The next day, remove from the brine, wash, then cover with solution of 2
teasoons soda to 2 quarts water. Bring to a boil, reduce heat and simmer 10
minutes. Drain.
Dredge beaver tails in seasoned flour.
Melt butter in heavy fry pan and saute tails at low heat until tender.
Mix wine with mustard, sugar, garlic powder and Worcestershire sauce.
Add to beaver tails and simmer gently for 10 minutes, basting frequently.
From "Northern Cookbook" edited by Eleanor A. Ellis, Indian Affairs and
Northern Development, Ottawa 1973.
A note received from Jimm Gordon:
Born and raised in the Big Belt Mountains of Montana, every winter fried
beavertail was a culinary treat that would grace our table on a weekly
basis. I was tickled to see a recipe for it in your bizarre foods section,
but noted one area of the recipe that I thought needed clarification. One
does not, in the usual fashion, "skin" a beavertail. The thick, scaley hide
adheres too tightly to the gristly flesh for that to be a good option.

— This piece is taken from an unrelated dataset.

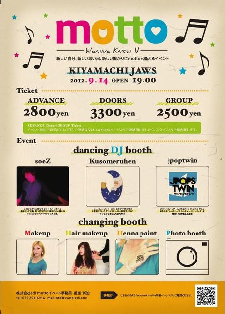 〜新しい自分、新しい思い出、新しい繋がりにmotto出逢えるイベント〜 edi★夏のコラボ企画"motto" メインはfacebookで"もっと"繋がろう!!という企画です (*´v`*)人(*´v`*)ノ もちろん、facebookをやってない方も大歓迎 ヘア&メイクアップブース いつもとは違った自分に変身 ちょこっと髪型やメイクを変えるだけで印象ってだいぶ 変わってきますよね もちろん、女子だけでなく、男の子もかっこよく 変身出来ちゃいます 2週間程で消える「へナタトゥー」も、 露出の多い夏

Oldtime beaver eaters had a little trick that made getting the hide off a
snap.
Stick a barbecue fork into the "meat" end of the beavertail, then "toast" it
like a marshmallow over the woodstove or electric burner or other heat
source. As it toasts, the hide puffs away from the meat like a slowly
expanding balloon. After a few minutes you can strip it away and trim the
edge, leaving you with a nice filet of greasy pink/white meat for your
recipe.
The smell is not charming, but it's not as bad as some things. And the taste
(and saved work) is worth it. Just thought I would share that tip.